# Tenon size for the stretchers on my Holtzappfel workbench build?



## deeznutz (Feb 17, 2010)

Hello all,

I've recently started building a Holtazappfel workbench based almost entirely on Chris Schwartz's knockdown version. One thing I've changed though is the size of the stretchers. His plans called for 1.5" thick stock and I had the lumber to mill them to 2.5" stock. My question is how wide should I make my mortise/tenons? His plans call for 5/8" so I'm thinking either 3/4" or 1" as those are the size chisels I have. These two widths would leave 7/8" and 3/4" of meet left between the outside wall of the mortise and the outside edge of the legs respectively (I'm mounting the stretchers flush with the fronts/sides of the legs).

So, what do you think would provide the most strength? Any input would be greatly appreciated!

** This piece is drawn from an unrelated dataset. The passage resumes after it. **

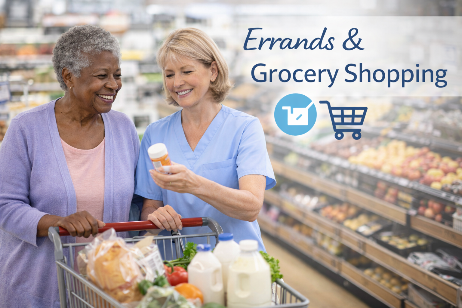 Our non-medical errand and grocery shopping services provide reliable, practical support for adults and seniors who may find it difficult to manage everyday tasks independently. Caregivers assist with grocery shopping, prescription pick-ups, and routine errands such as household supplies or post office visits. This service helps ensure clients have access to nutritious food, essential medications, and daily necessities while reducing safety risks, stress, and physical strain. Families gain peace of mind knowing their loved one has dependable support to stay organized, well-supplied, and engaged in the community.

Thanks in advance and I can't wait to post a completed bench here!

Dee


----------



## HorizontalMike (Jun 3, 2010)

Since your post, I have looked at Chris Schwartz's Blip-TV video on this bench to see what you are talking about.  I am currently building a modified version of Bob Lang's 21st Century workbench that has much the same utility. One thing that differs is that the legs on the 21st CW are laminated. This allows for installing through-tenons and locking them in place with wedges driven from the far side of the leg. The outer half of the leg is THEN blocked & glued in place, thus hiding the much stronger mortise-tenon joints from view. You might consider using through-tenons, as you would end with no visual difference and the stronger joints that you are seeking.

It also looks like Chris uses pens/bolts/dowels (through the tenons?) to anchor the top to the base (seen about 0:39sec into the video). You might consider using dowels on your other mortise-tenon joints as well. Just a thought…


----------



## deeznutz (Feb 17, 2010)

Mike,

Thanks for the ideas. I had considered through tenons but in the end I've decided to go with standard MT joints. I do plan to peg them dowels though on the end assemblies. I'll be making the long stretchers and top removable like Schwartz's knock down version of this bench in the video. I live in an apartment so no doubt, this bench will have to move atleast once or twice!

Any insight into weather 3/4" or 1" tenons would be best given my application?


----------



## Loren (May 30, 2008)

Having built a bench with the stretchers tensioned by threaded rods
I wouldn't be inclined to do it any other way. The rods allow the bench
to be taken apart and reassembled and the whole structure can be
tuned to be totally tight at the joints with a socket wrench. No tenons
or mortises are necessary for this type of stretcher system. It works
with butt joints.


----------